With the pictures left out, write out exactly the lines of the listing below that run from the line with "Vestito lungo da" through the line with "使わないときに中身が見えない".

### THE RECORDS
------------------------------------------------
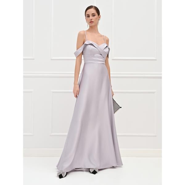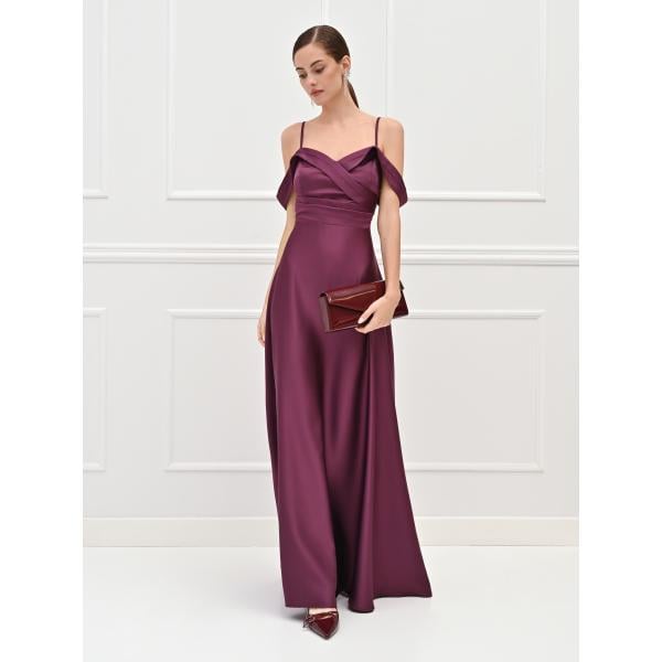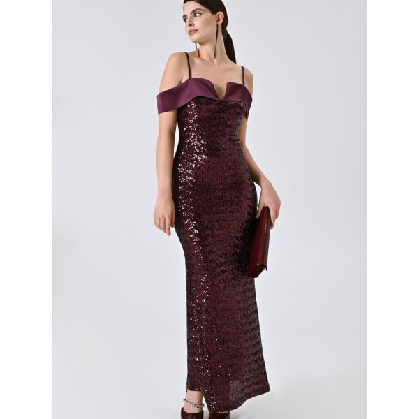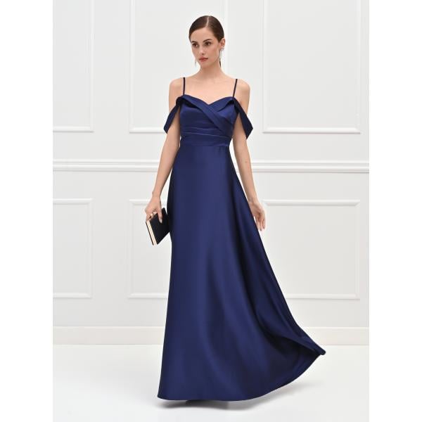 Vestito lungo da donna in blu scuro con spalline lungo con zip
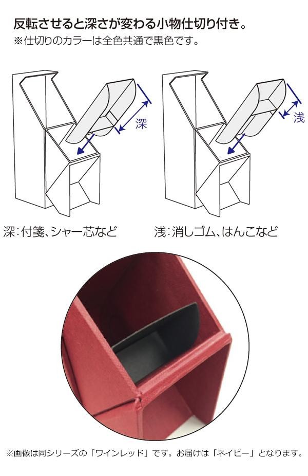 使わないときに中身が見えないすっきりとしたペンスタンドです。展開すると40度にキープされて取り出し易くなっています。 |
------------------------------------------------
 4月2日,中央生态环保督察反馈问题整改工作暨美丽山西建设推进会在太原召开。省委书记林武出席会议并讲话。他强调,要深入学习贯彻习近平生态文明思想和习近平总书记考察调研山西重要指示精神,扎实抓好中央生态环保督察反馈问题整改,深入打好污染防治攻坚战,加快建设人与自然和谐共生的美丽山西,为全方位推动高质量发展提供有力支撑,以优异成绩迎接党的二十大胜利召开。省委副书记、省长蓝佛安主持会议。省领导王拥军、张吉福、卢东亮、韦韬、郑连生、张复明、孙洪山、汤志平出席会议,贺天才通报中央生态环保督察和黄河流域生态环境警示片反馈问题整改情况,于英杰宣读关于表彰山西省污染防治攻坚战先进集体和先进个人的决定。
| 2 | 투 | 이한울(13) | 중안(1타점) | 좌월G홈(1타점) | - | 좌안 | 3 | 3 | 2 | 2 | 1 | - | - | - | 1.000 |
------------------------------------------------
### OUTPUT OF THE TASK
 Vestito lungo da donna in blu scuro con spalline lungo con zip
 使わないときに中身が見えないすっきりとしたペンスタンドです。展開すると40度にキープされて取り出し易くなっています。 |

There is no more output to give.